** Data provided follows **

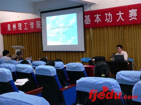 泉州理工学院首届教学基本功大赛11月14日下午在校学术报告厅举行。本次大赛由校教务处主办,旨在加强教师队伍建设,提高教师的师德和业务水平,全面提高教育教学质量,鼓励广大教师进行教学创新,推动素质教育的深入发展。学院党委副书记毛伟雄、教务处处长朱国清及各系主任组成的专家委员会担任此次比赛评委。
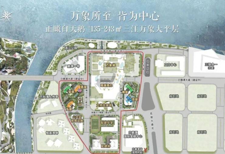 内含约 2.2 万㎡的滨江公园、约 8.3 万㎡的高端商办、约 1.9 万㎡的配建学校,约 26.9 万㎡万象城,及约 17 万㎡三江万象大平层等)
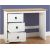 Three drawer dressing table in white with distressed waxed pine top featuring metal handles
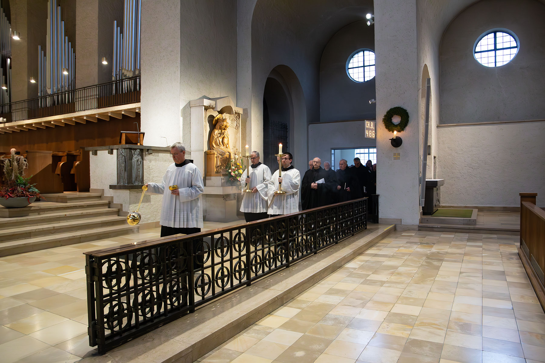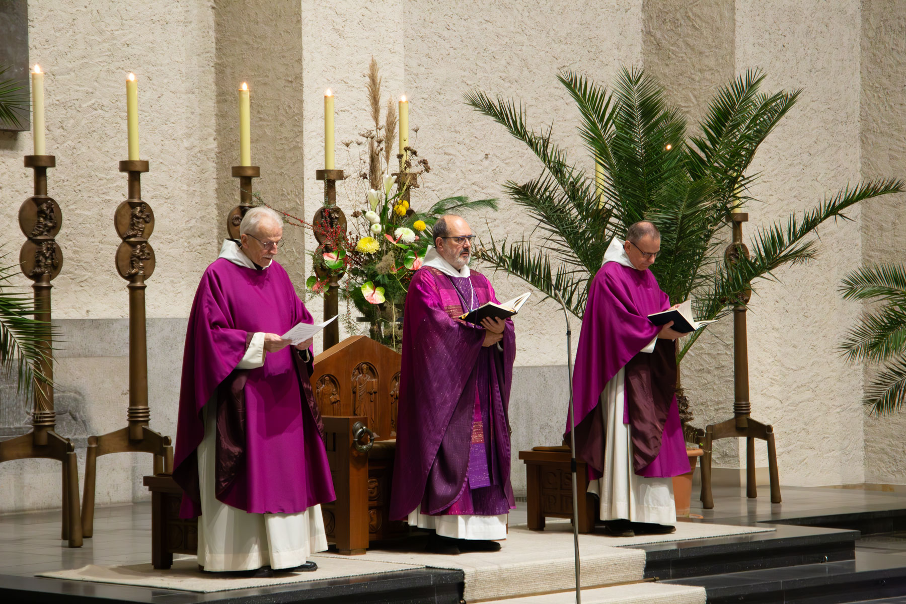 „Wir feiern Sonntag, den Tag der Auferstehung. Wie passend, dass Allerseelen dieses Mal auf einen Sonntag fällt. Dass uns bewusst wird, worum es eigentlich geht – um Auferstehung“, betonte Abt Michael Reepen zu Beginn des Konventamtes. „Es geht nicht darum, im Grab zu bleiben, sondern es als Durchgang zu sehen. Zum neuen Leben, zum Leben mit Gott. Das dürfen wir hoffen für alle unsere Verstorbenen.“
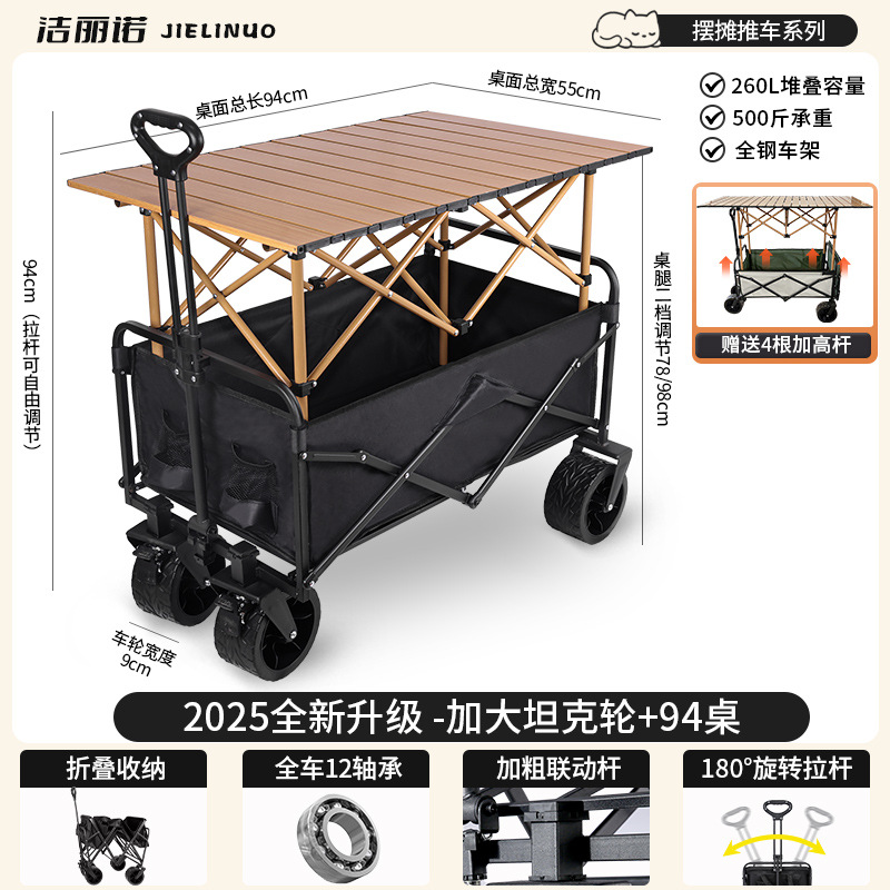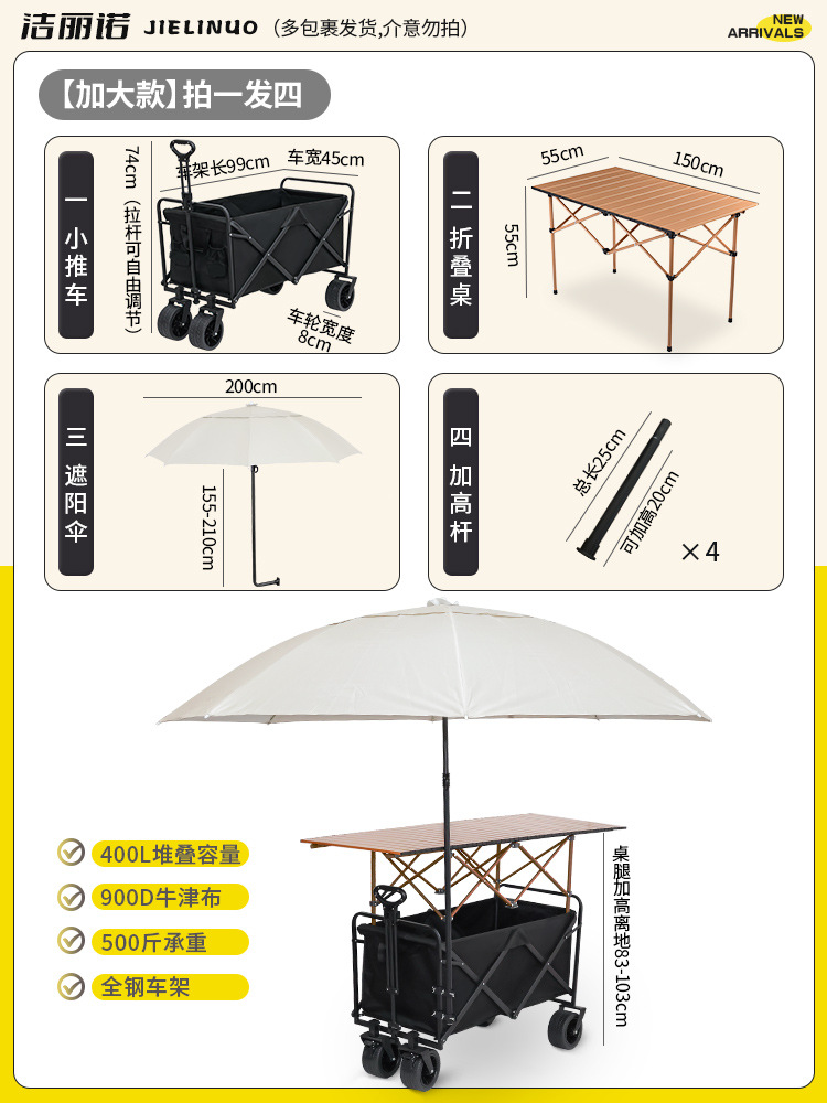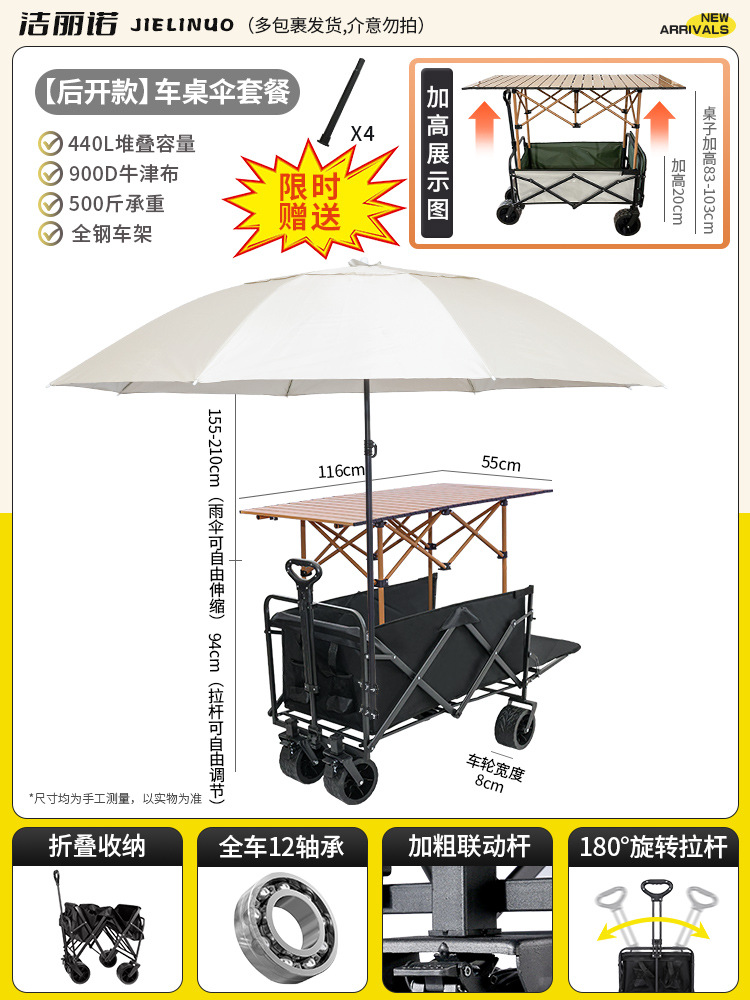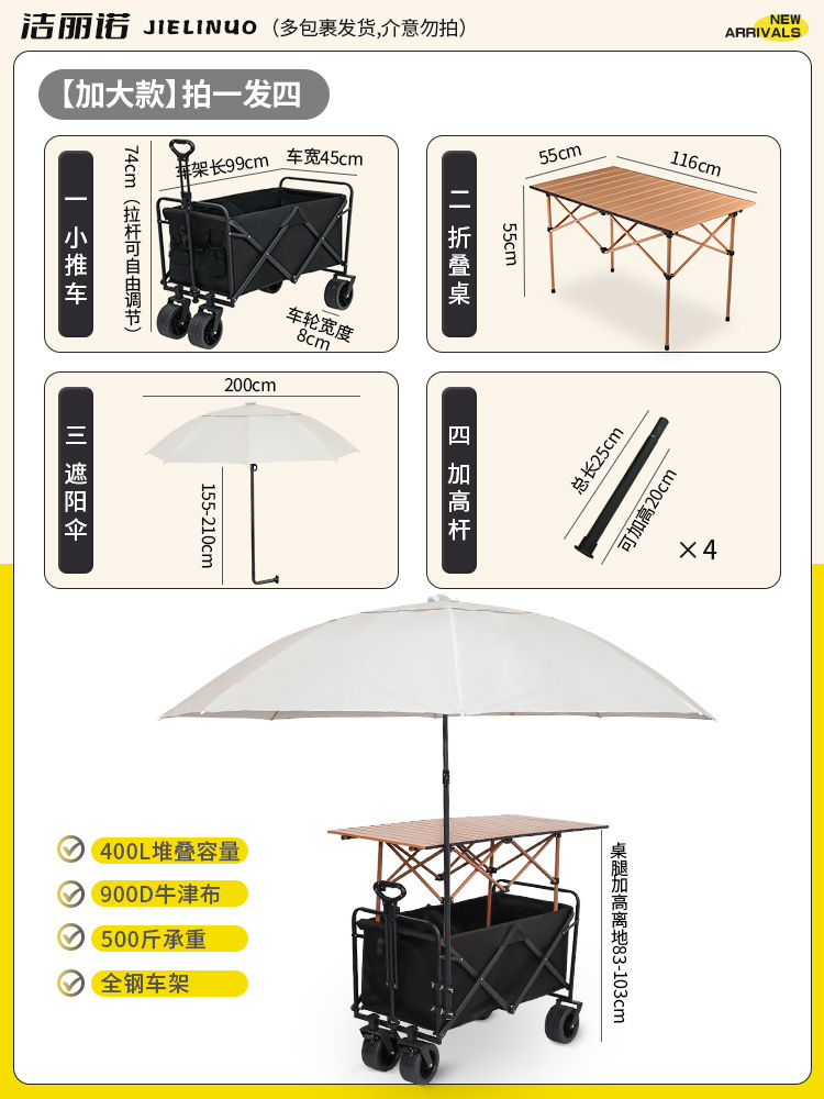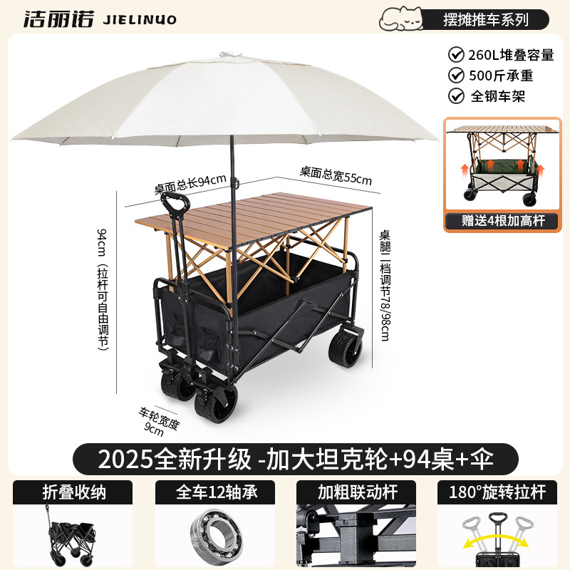 • [다기능 스톨 패키지 + 파라솔] 블랙 탱크 휠 + 94cm 스톨 접이식 테이블 (다리 높이 포함)
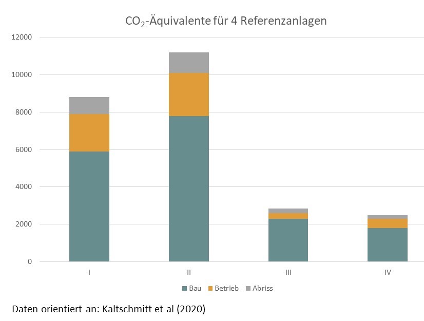 Der Bau von Talsperren, Staudämmen oder Wehren, der für den Betrieb von Wasserkraftwerken notwendig ist, bringt für die Natur aber auch drastische Eingriffe mit sich. Für die Errichtung der Anlagen wird ein Großteil der Schadstoffäquivalente im Laufe des Lebenszyklus benötigt. Je nach Anlagenart und Größe unterscheiden sich die Emissionen pro erzeugter kWh drastisch. Die in der Abbildung dargestellten CO2-Äquivalente sind für vier Referenzanlagen, die alle Laufwasserkraftwerke mit unterschiedlichen technischen Spezifikationen sind, dargestellt. Ein Großteil der Emissionen wird durch den Bau des Wehres oder Staudammes, der viel Beton und Stahl benötigt, aber auch für den Bau des Kraftwerks, benötigt. Der Betrieb verbraucht nur einen kleineren Teil der Emissionen. Der Rückbau ist bei solchen Anlagen bisher selten der Fall. In der Regel sind solche Anlagen sehr langlebig, ihre Lebensdauer wird mit 80 Jahren angenommen. In der Regel erfolgen außerdem Instandsetzungsarbeiten und Modernisierungen, so dass viele Anlagen deutlich älter als 80 Jahre alt werden.

** End of Data provided **

■ What the exercise asks ■
Copy exactly, and copy nothing else: the lines from the start of the data above through the line that holds "Three drawer dressing". The pictures stay out.

■ Solution to this exercise ■
 泉州理工学院首届教学基本功大赛11月14日下午在校学术报告厅举行。本次大赛由校教务处主办,旨在加强教师队伍建设,提高教师的师德和业务水平,全面提高教育教学质量,鼓励广大教师进行教学创新,推动素质教育的深入发展。学院党委副书记毛伟雄、教务处处长朱国清及各系主任组成的专家委员会担任此次比赛评委。
 内含约 2.2 万㎡的滨江公园、约 8.3 万㎡的高端商办、约 1.9 万㎡的配建学校,约 26.9 万㎡万象城,及约 17 万㎡三江万象大平层等)
 Three drawer dressing table in white with distressed waxed pine top featuring metal handles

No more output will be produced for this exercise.